We eventually moved on to the quiz. Students successfully identified broccoli, carrots, cucumbers, and even eggplant. They displayed a surprisingly good grasp of what sorts of food were nutritious and which were not. They understood where vegetables grow, where they can be purchased, and even that you can grow your own vegetables in your garden and your yard. Our election crowned carrots as the crowd favorite, although ballot-stuffing plagued the polls. Unfortunately, "one man, one vote" is so foreign a concept that we tallied 50 votes among only 20 students. Fortunately, their math skills were so elementary (15 minus 11 was beyond their powers) that no one realized the election was a sham.
![]() | |
The election candidates |
The students unleashed their creative juices and were keen to show us their handiwork. We saw plenty of fruits and vegetables as well as a few head-scratchers.
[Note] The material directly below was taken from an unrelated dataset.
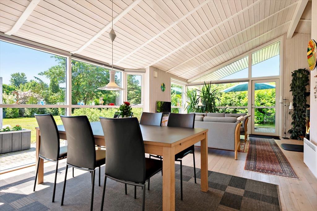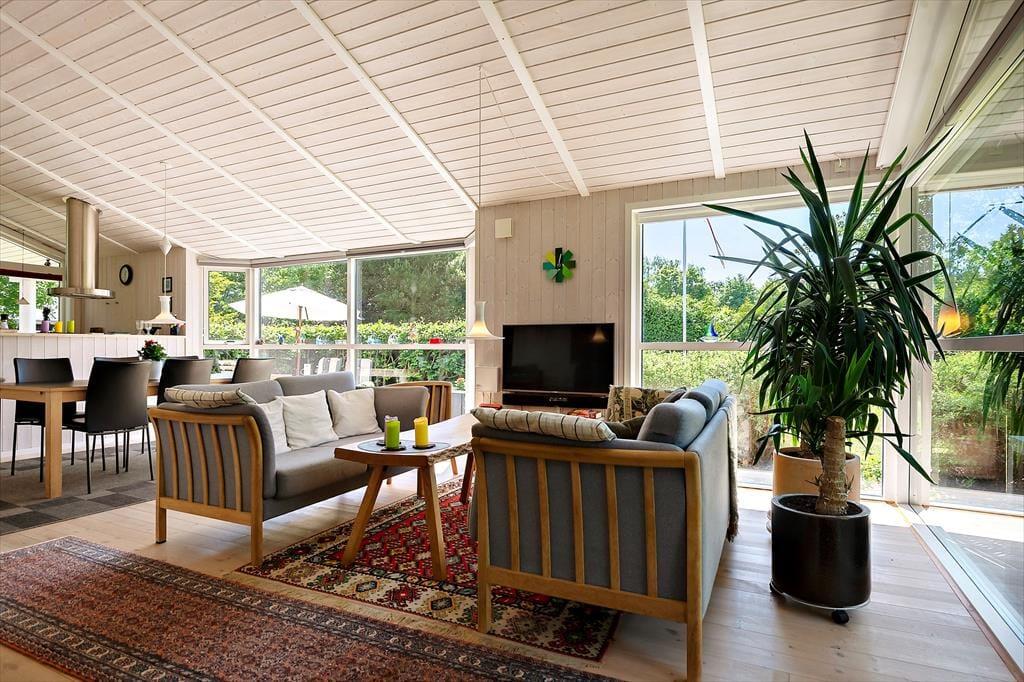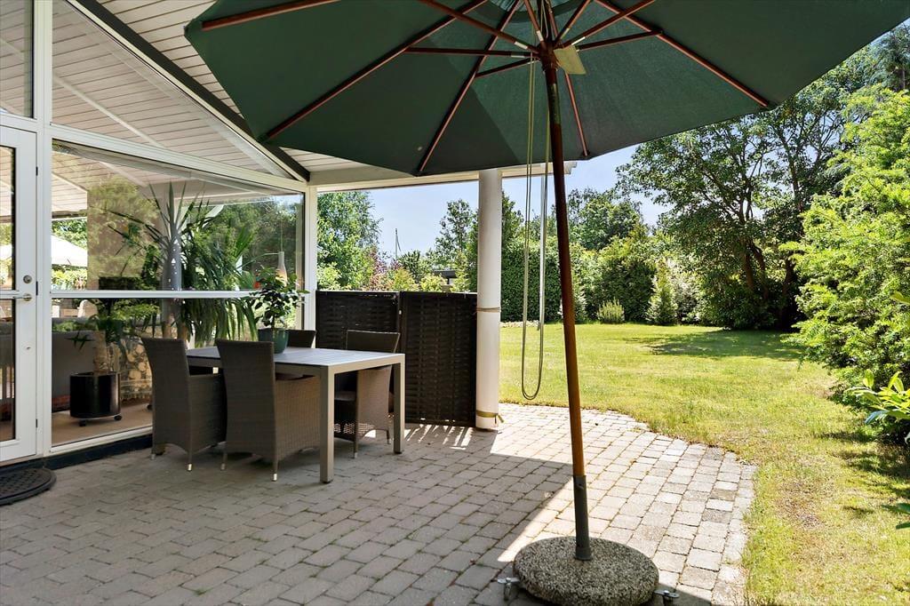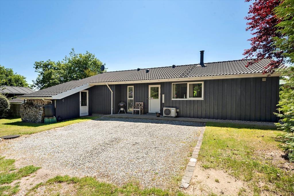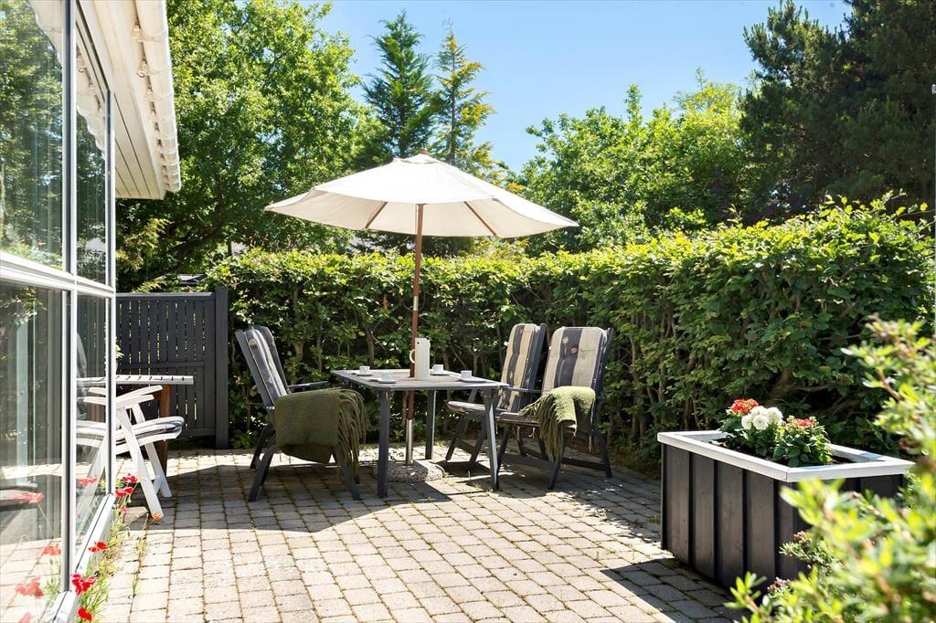Sommerhusets have er som skabt til det stille udeliv – et fredeligt sted, hvor du kan finde ro mellem træerne og lade tankerne drive afsted. Her er plads til at brede sig ud med tæpper på græsset, tage skoene af og mærke underlaget, som stadig er lunt fra solen. På terrassen kan du tilberede aftensmaden i det fri, mens vinden rasler sagte i løvet, og duften af grill breder sig i haven. Måltiderne spises i det fri, ofte med lidt sand mellem tæerne og salt i håret, og bagefter trækker dagen ud med kortspil, lidt vin i glasset og fuglesang som baggrund. Når du har lyst til en dukkert, er stranden aldrig langt væk. Du følger blot den lille vej gennem området, og snart står du med fødderne i sandet og havet foran dig – klart, forfriskende og åbent.
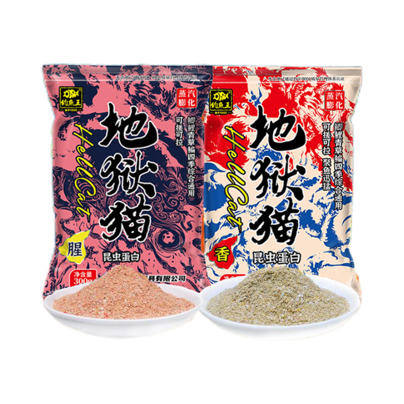 钓鱼王地狱猫饵料秋冬浓腥香味秋冬季野钓鲫鱼黑坑用昆虫蛋白鱼饵

Annalise (holding up drawing): "What is this?"
Med Student: "That looks like a bunch of grapes!"
Annalise: "And this?"
Med Student: "That's a beautiful banana!"
Annalise: "What is this?"
Med Student: "Umm...I'm not really sure what that is. Is that an airplane?"
Annalise: "Aero-plane!"
It felt like I was acting improv again, where you heartily embrace all of your fellow actors' ideas (even when it meant portraying a manic, toothless, and crazed Louisiana sailor) and encourage and support them. These young minds were delightfully bursting with creativity and non sequiturs.
At the end, it was time to feast on baby carrots. I have never seen kids so excited to eat carrots before. Even the kids on the playground, who we didn't teach at all, devoured our carrots after my fellow med student and I gushed over how delicious they are. Saturday morning cartoons are filled with advertisements successfully pushing sugary cereals and candy onto these malleable young minds. But this one wonderful afternoon, vegetables reigned king.
In the fight against obesity, there is hope after all.